- _TASK INSTRUCTIONS_
The answer must be an exact copy of the lines from the one with "TE Part #4-1393104-6 KRPA-11DG-48=KRPA" to the last line of the entries below, both included, and must contain no pictures.

- _EXTRACTED MATERIAL_

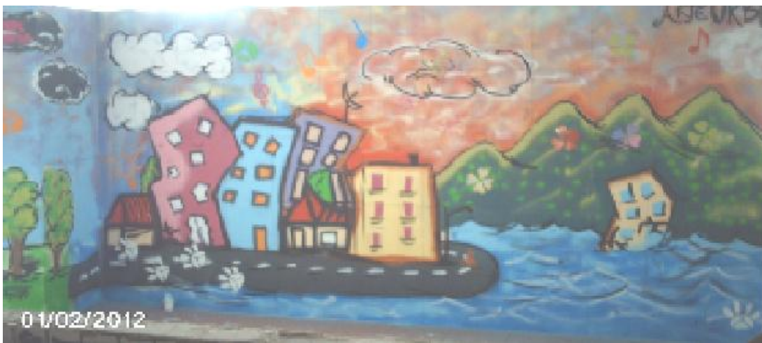
Photo 3. Graphite produced by young participants in one of the editions of Project ArteUrbe.

These other activities are relied on contributions in the area of social psychology that consider the possibility of thinking the group practices “as gadgets 3 – singular combinations and heterogenic components – that open certain fields of visibility and sayability, at the same time they obscure analog fields” (Rodrigues, 1999, p.162). The visibility and sayability that is aimed to invest in aesthetic workshops are from other voices, discordant in relation to forms of seeing and living instituted; voices that concern the possibility of diverse relations with the city, with others and with oneself; that contribute to the invention of singular ways of being, with the come to be.
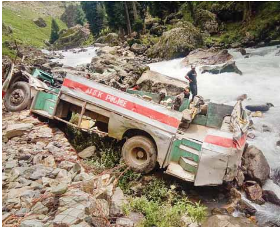
Rescue work underway after a bus carrying 39 personnel skidded off a road down to riverbed, near Chandanwari, in Anantnag district of J&amp;K on Tuesday
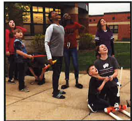
Students from Emily G. Johns School during their rocket launch.

Emily G. Johns School hosted a Math & Science Spectacular evening which featured an Inflatable Starlab Planetarium, 6th grade Math Fair Projects, 5th Grade Science Experiments, IMSA and an opportunity to make your own rocket.
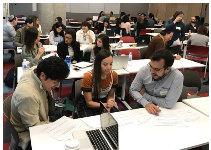
Participants discuss the ecosystem's purpose in small groups

The workshop brought together 47 actors representing 34 organizations in the ecosystem, which reflected a diversity of both actor types and roles. The actor types represented included universities and research centers; co-working spaces, incubators and accelerators; public and private innovation centers; representatives of networks and associations of entrepreneurs and innovators; chambers of commerce; representatives of the state and municipal government; and one representative of the press (a leading magazine for the tech industry). The event was hosted at Centraal Bosch, an open innovation center, co-working, and meeting space administered by a German technology company.
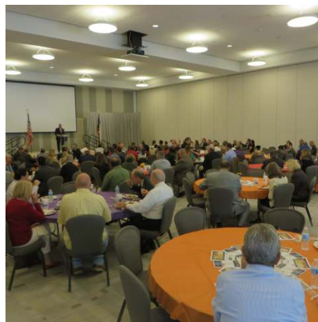
Approximately 200 members attended the State of the Community Luncheon in October.
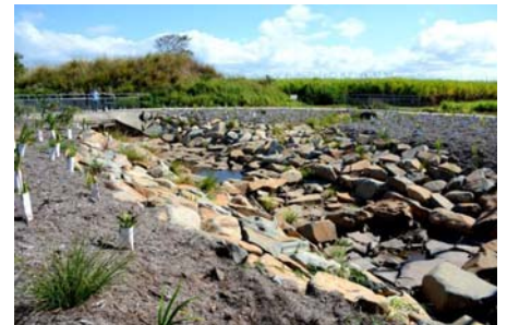
Large boulders were carefully laid in the rehabilitated Lagoons Creek to create tiered levels which slow water flow and will help fish migrate through the Creek.

http://www.abc.net.au/news/2015-08-03/lagoons-creek-rehabilitation-gives-fish-new-hope-in-mackay/6668374#.VePkr-psQz8
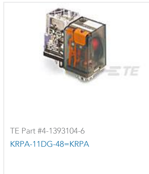
TE Part #4-1393104-6 KRPA-11DG-48=KRPA
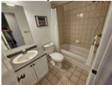
Pic. 11: 2nd floor bathroom
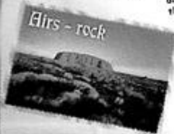
Airs - rock

New Year is in the middle of summer, the middle of winter is in June, and the winter months are very cold. Hot winds blow from the north, cold winds blow from the south.
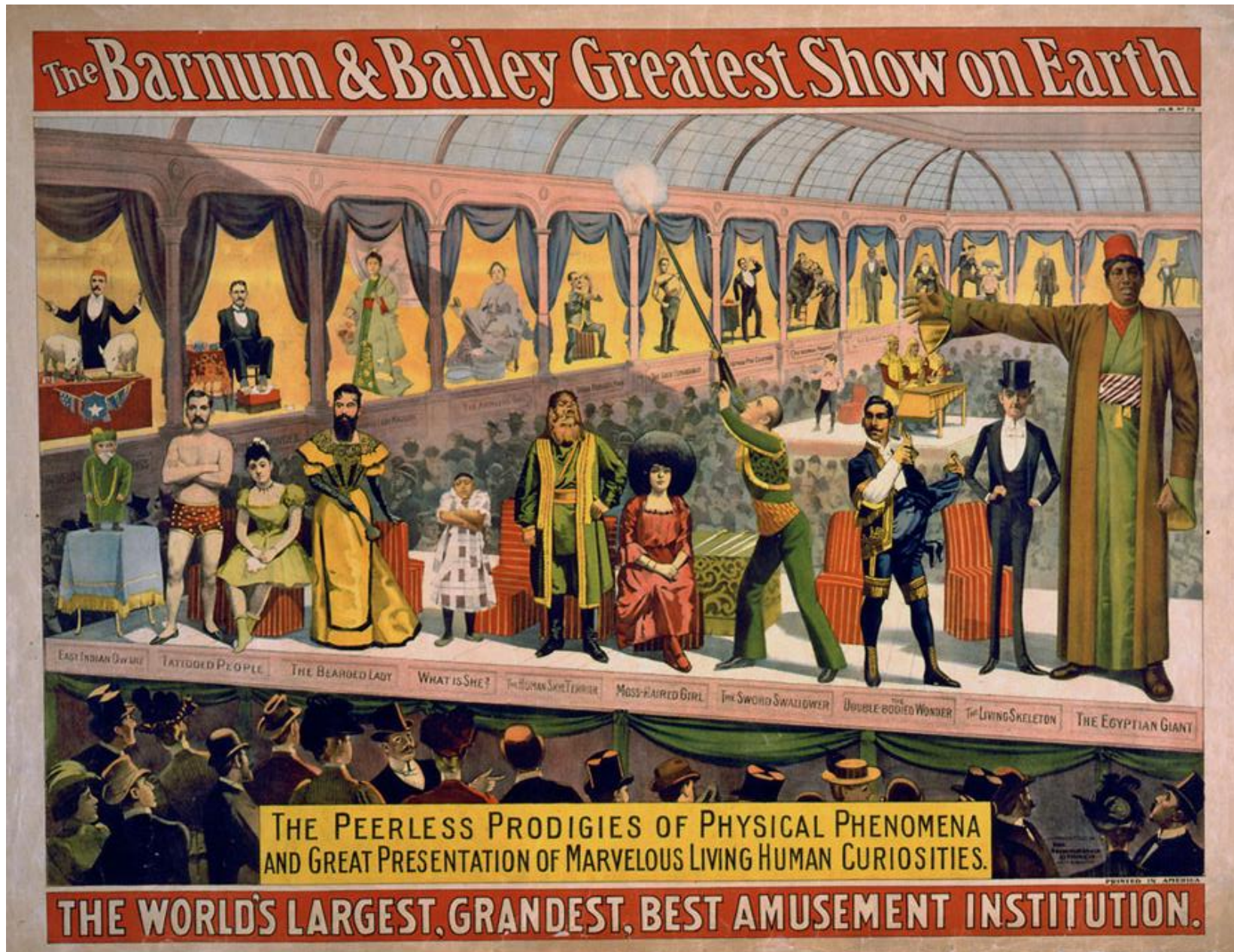
BLM 1 – Advertising poster

- _PROBLEM SOLUTION_
TE Part #4-1393104-6 KRPA-11DG-48=KRPA
Pic. 11: 2nd floor bathroom
Airs - rock

New Year is in the middle of summer, the middle of winter is in June, and the winter months are very cold. Hot winds blow from the north, cold winds blow from the south.
BLM 1 – Advertising poster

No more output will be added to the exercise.